There we are: three experiential realities without an easy or clear way to express the concept. The Bible does not really try to prove this concept, any more than it tries to prove God exists; rather, the Bible records the experiences of people in relationship with God. It is the history of this testimony—to which we add our own—we affirm.

2) It helps to think about each of the three persons of this three-in-one divinity in relational terms.

We have already identified God the Father as creator, yet Jesus and the Holy Spirit are also rightly connected with this relational reference for God. In the same way, even while we strongly identify Jesus as Savior, salvation is and always has been God’s plan and purpose for all of us, ultimately realized because the Spirit plays a significant part in making our awareness and response to God possible, as well as being a chief means of grace in convincing us of the truth of how we are on the wrong path. Finally, in God’s continuing activity—as sustaining and guiding presence—we most frequently will refer to the presence of the Holy Spirit. Yet as with the other two relational experiences, God the Father has been and still is the provider and guide to life, just as it is right to say that Jesus is our provision and daily guiding presence, the one who is with us.

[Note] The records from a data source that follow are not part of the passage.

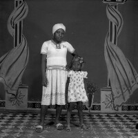 695. EAP054/1/47/695 Reference (shelfmark): EAP054/1/47/695 Title: Recreational photograph [c 1985 - 1986] Scope & Content: Woman standing with her child, both in white with scarves on heads. Format of original: 59mm x 59mm plastic negative Collection Area: Endangered Archives Programme Languages: Not applicable Date Range: 1985-1986 Extent: 1 TIFF image
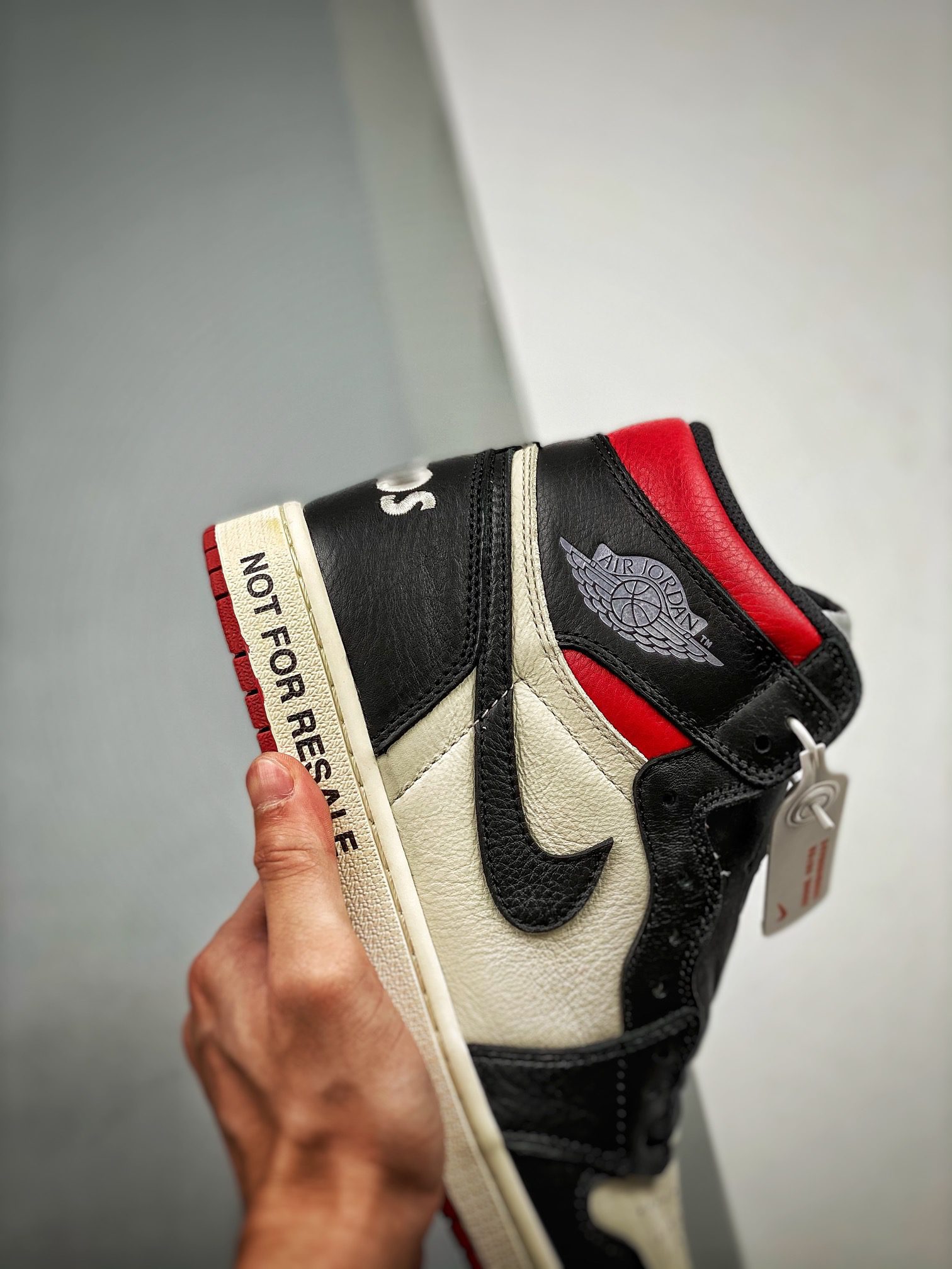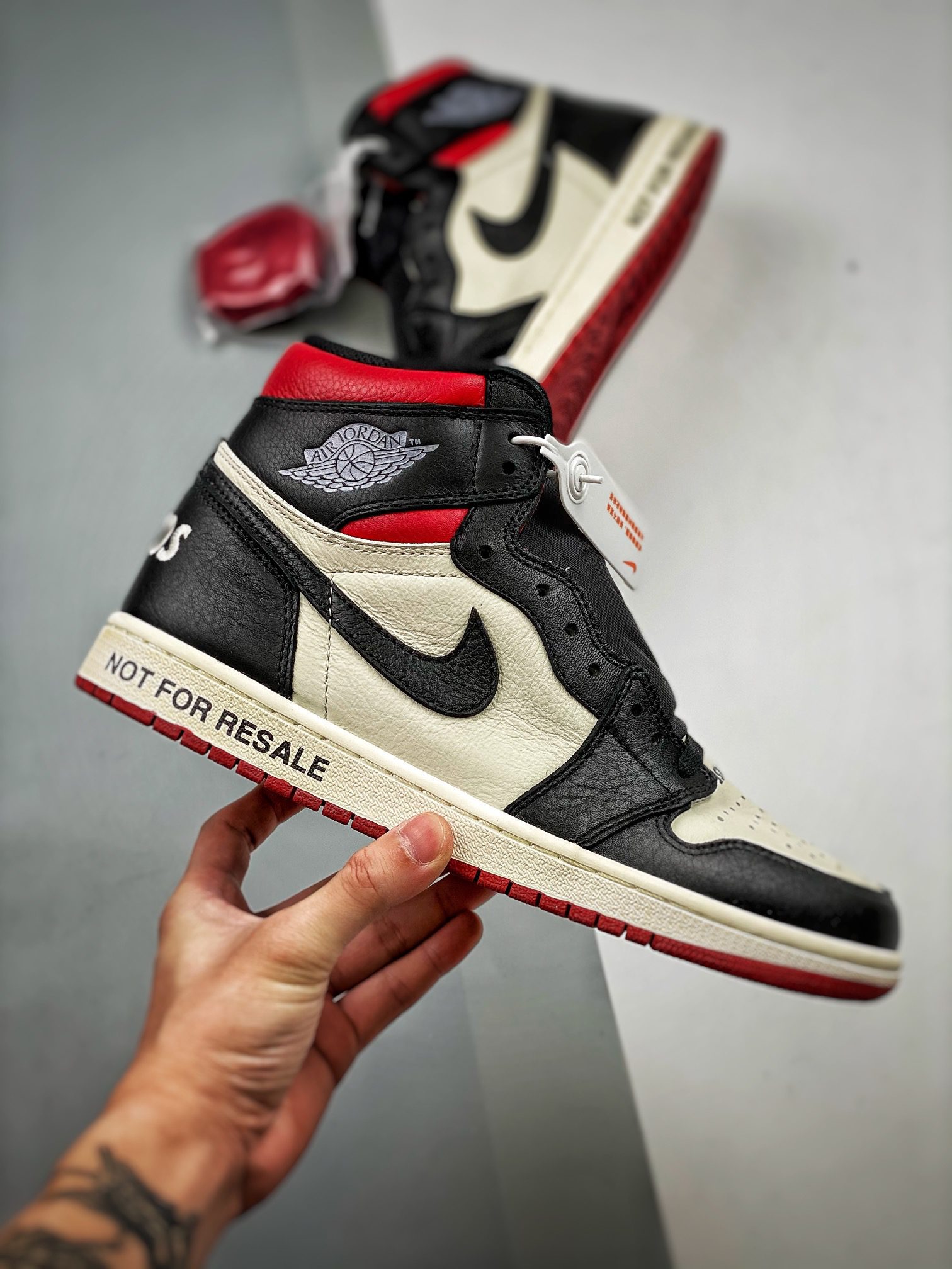 The Air Jordan 1 Retro High OG NRG Not For Resale is a standout sneaker released in 2018 as a special edition of Michael Jordan’s iconic first signature shoe. Featuring a striking black, white, and red leather upper, this model pays homage to the original Air Jordan 1 colorways. What sets this sneaker apart are the bold graphic messages printed across the upper and midsole, including phrases like NOT FOR RESALE, NO PHOTOS, and PLEASE CREASE, which challenge sneaker culture norms and encourage wearers to enjoy their pair authentically. The Air Jordan 1 Retro High OG NRG Not For Resale combines classic style with a rebellious twist, making it a coveted piece for collectors and enthusiasts alike. Crafted from 100% leather, it offers premium quality and durability. This sneaker is identified by the product code 861428-106 and remains a sought-after model in the Jordan lineup. The Air Jordan 1 Retro High OG NRG Not For Resale is a perfect blend of heritage and modern sneaker culture.
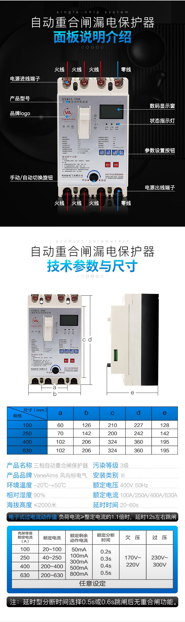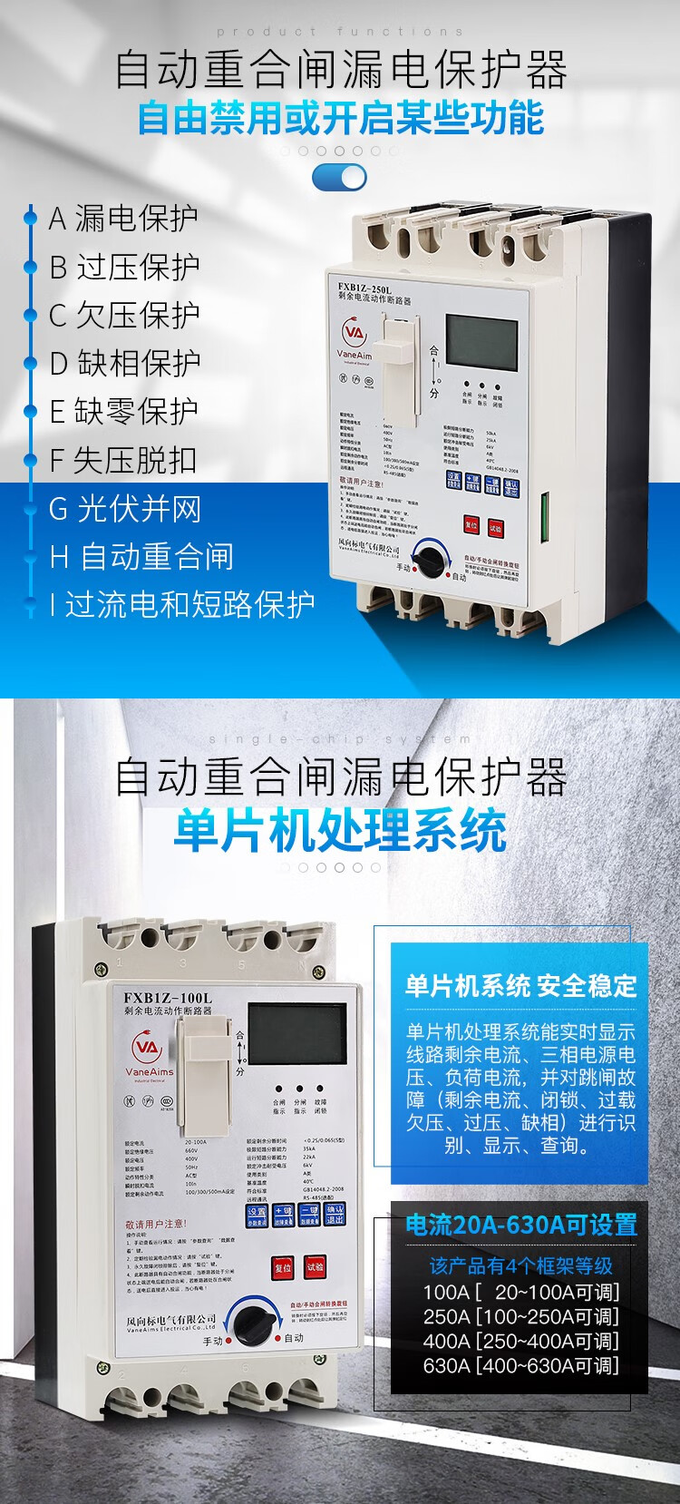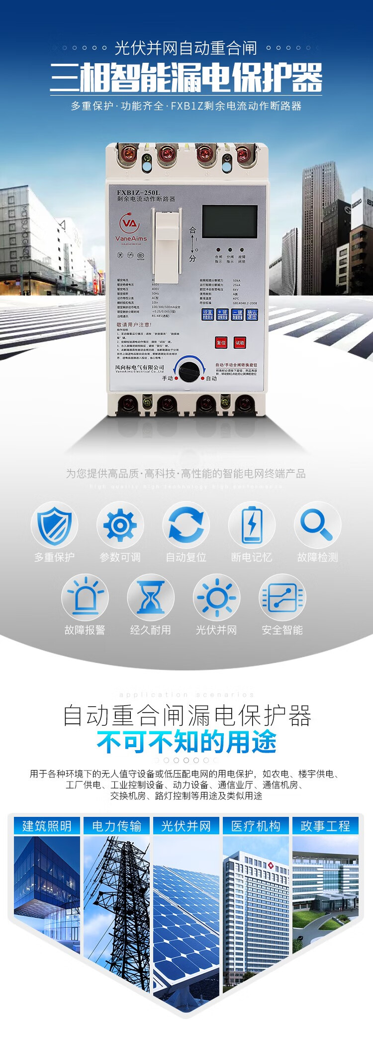 FXB1Z leakage protector photovoltaic automatic reclosing three-phase circuit breaker 380V phase loss over and under voltage switch 200A 3P+N

3) It might also help to conceptualize the relational aspect of the three-in-one divinity by accessing an old but not well-known framing of the inner relationships of the three persons, in terms of eternal communion.

There is a long tradition which sees the Holy Spirit as the eternal communication, the essential unifying communion binding the Father and the Son together. Considering the Holy Spirit as the essence of communication (full communion, mutual participation) may also help us in picturing how we fit into the typical graphic models of the divine relationships—the Holy Spirit as the essential communion binding us with God. We are invited to abide in God as God dwells in and among us.